Graduation was terribly boring and unmemorable for me, but here is some advice: After all that study and all those finals it's easy to think you know everything and, at the same time, feel like you know absolutely nothing. What advice can possibly cover that spread?
Recently, I unearthed a bunch of pictures of myself that I hadn't seen for 15 or 20 years. They were intriguing and disturbing. I look at the me in those pictures, and I see a person who is obviously a younger me, but I feel an extreme dischordance between the me of then and the me of today. I can't relate to that person. I actually experience strong, physical feelings of revulsion when I look at that person.
The inexperience. The over-confidence. The bitter emotional swings. The terrible fashion sense.
But as sick as those images make me, it makes me happy that my personal growth didn't stall. I'm happy that I can't relate to that person. I'm happy that even though one side of me thought I had it all figured out, the other side of me continued experimenting with who I was, continued asking thoughtful questions and examining every answer. I continued to study and find constructive ways to tear down and rebuild my life until I am the person I am today.
Part of me hopes that in 20 years I won't look back on my current self with such disdain. That part wants to believe that I'm closer to figuring it out. But if I do get to the future, look back and feel those same strong feelings of disgust, would that really be so bad?
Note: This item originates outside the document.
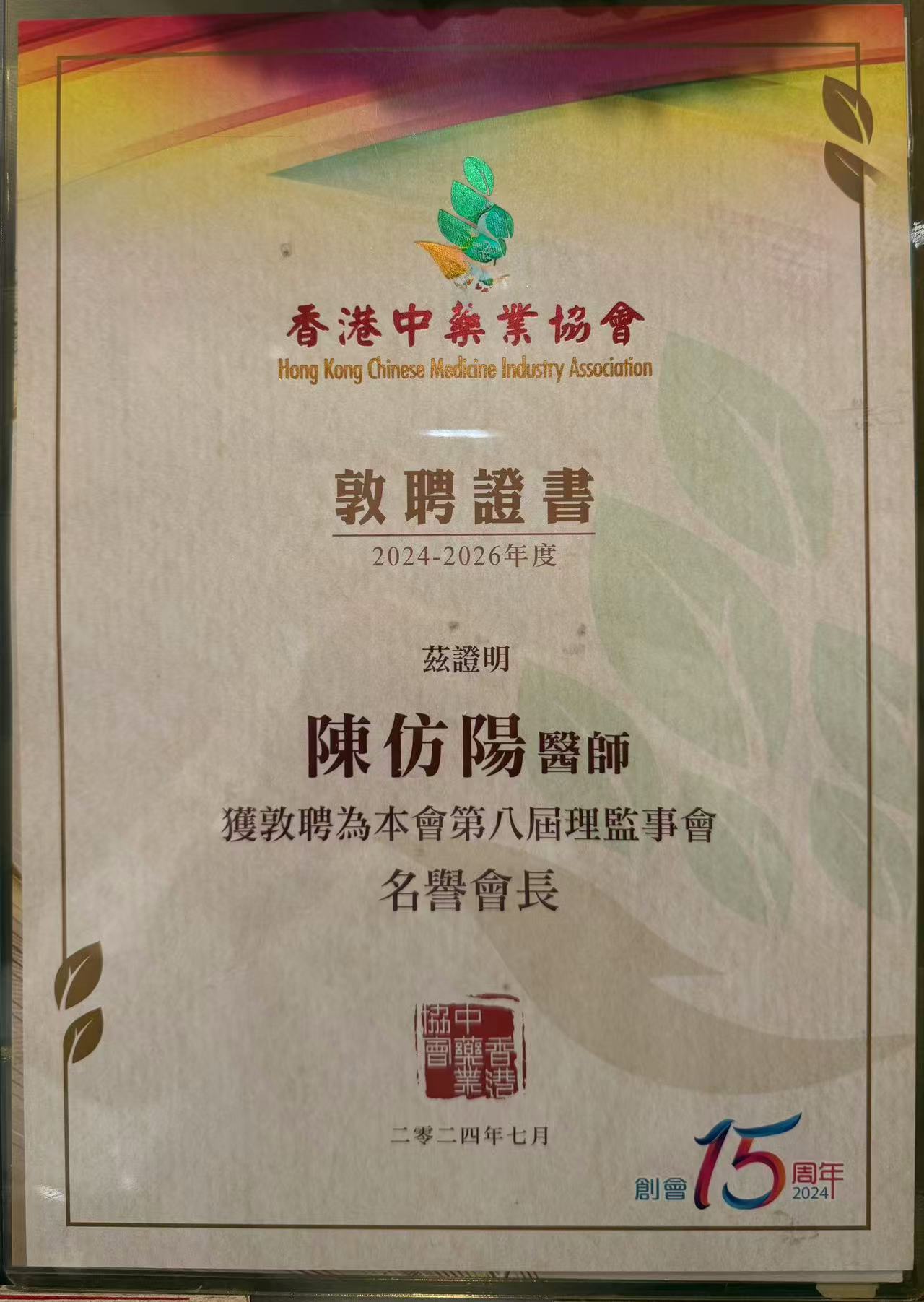 陈医师从事中医临床第一线工作30多年,现任香港益寿堂医药集团中医诊所及中山陈仿阳中医诊所驻诊中医专家。中港两地诊所,无论中医针灸、骨伤及疑难杂症均有署名的专家教授驻诊,为中港两地市民带来健康。同时担任香港明日灵芝药业有限公司董事长,在香港推广上市公司中国中药旗下天江药业的中药配方颗粒运用,令更多香港中医及市民认识优质科学浓缩配方中药颗粒。中港两地诊所均采用科学浓缩中药配方颗粒为患者治病,运用高效智能中药配制方便快捷,携带方便,即冲即饮,安全高效,深受两地市民信赖。

I graduated from the University of Wisconsin-Milwaukee in 1996 with a degree in English. At the time, I was eager to leave college and move on with my life. Within two years of working a full-time job, I realized how stimulating and fun it is to be a student. I have considered going back to school for a master's degree; I even enrolled once, but – sadly – I am unable to justify the expense.
My only advice is for anyone in college to enjoy it as much as you can because when it's over, for many of us, it's truly over forever. Also, take out as little as you can for student loans. I'm almost 19 years (gulp) out and still paying 'em off. That trip to Europe in '94 was a good time, though.
My five standard tips that I use in class room and "graduation-like" presentations are:
- Be persistent, not a pain in the ass.
- Follow the Golden Rule.
- Do what you love, but maybe not right away.
- Make a plan, write down goals but know that life is a musical score.
- Learn more and listen better.
Oddly, I can't remember who my commencement speaker was. But in the years after I left, MU had the likes of Barbara Bush, Fred Rodgers, Henry Aaron and other big names. I try to attend MU gradations even if I don't know anyone graduating. I love them and always look forward to hearing the messages. Great way to find inspiration and know that the future's in good hands!
I ran a full-speed lap around the parking lot, woo-hooing like an idiot after the ceremony. It was good to be done. I may have attempted a cartwheel. Afterward, I also noticed my department head watching the whole thing. No matter; it was good to be done.
Advice? You have plans; that's good. Most of them won't turn out, and that's good, too. Learn to adapt.